Information shown —
# # # #

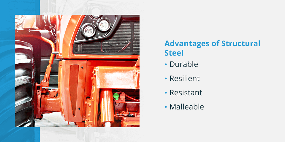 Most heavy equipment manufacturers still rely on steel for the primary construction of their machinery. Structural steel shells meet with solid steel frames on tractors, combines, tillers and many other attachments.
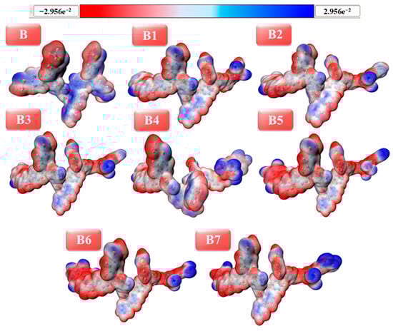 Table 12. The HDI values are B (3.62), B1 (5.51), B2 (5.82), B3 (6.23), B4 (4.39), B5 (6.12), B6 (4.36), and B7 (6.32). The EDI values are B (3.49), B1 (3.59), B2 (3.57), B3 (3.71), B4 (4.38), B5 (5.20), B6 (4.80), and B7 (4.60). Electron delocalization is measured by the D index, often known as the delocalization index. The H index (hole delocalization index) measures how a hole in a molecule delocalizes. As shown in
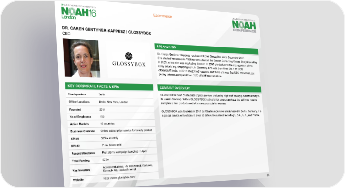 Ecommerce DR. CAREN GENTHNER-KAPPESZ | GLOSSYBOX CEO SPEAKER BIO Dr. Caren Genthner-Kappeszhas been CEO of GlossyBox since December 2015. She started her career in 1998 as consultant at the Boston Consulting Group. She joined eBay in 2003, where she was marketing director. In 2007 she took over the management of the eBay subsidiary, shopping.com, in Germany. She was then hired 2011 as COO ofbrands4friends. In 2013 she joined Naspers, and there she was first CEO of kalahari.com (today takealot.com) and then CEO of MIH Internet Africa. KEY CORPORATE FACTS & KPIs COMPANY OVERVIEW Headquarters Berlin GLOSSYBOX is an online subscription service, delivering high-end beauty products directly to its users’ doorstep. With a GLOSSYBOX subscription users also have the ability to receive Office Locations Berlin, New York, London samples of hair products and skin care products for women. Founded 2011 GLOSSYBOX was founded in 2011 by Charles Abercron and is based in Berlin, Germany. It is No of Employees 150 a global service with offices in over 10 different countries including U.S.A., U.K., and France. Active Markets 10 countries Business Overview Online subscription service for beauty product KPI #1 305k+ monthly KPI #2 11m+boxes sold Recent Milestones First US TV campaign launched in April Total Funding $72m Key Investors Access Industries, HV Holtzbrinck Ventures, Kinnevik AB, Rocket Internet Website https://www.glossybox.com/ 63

# # # #

What is being asked — Nothing but the lines from the beginning of the material through the line with "Table 12. The" should appear, printed exactly, with no pictures among them.

Solution to the exercise —
 Most heavy equipment manufacturers still rely on steel for the primary construction of their machinery. Structural steel shells meet with solid steel frames on tractors, combines, tillers and many other attachments.
 Table 12. The HDI values are B (3.62), B1 (5.51), B2 (5.82), B3 (6.23), B4 (4.39), B5 (6.12), B6 (4.36), and B7 (6.32). The EDI values are B (3.49), B1 (3.59), B2 (3.57), B3 (3.71), B4 (4.38), B5 (5.20), B6 (4.80), and B7 (4.60). Electron delocalization is measured by the D index, often known as the delocalization index. The H index (hole delocalization index) measures how a hole in a molecule delocalizes. As shown in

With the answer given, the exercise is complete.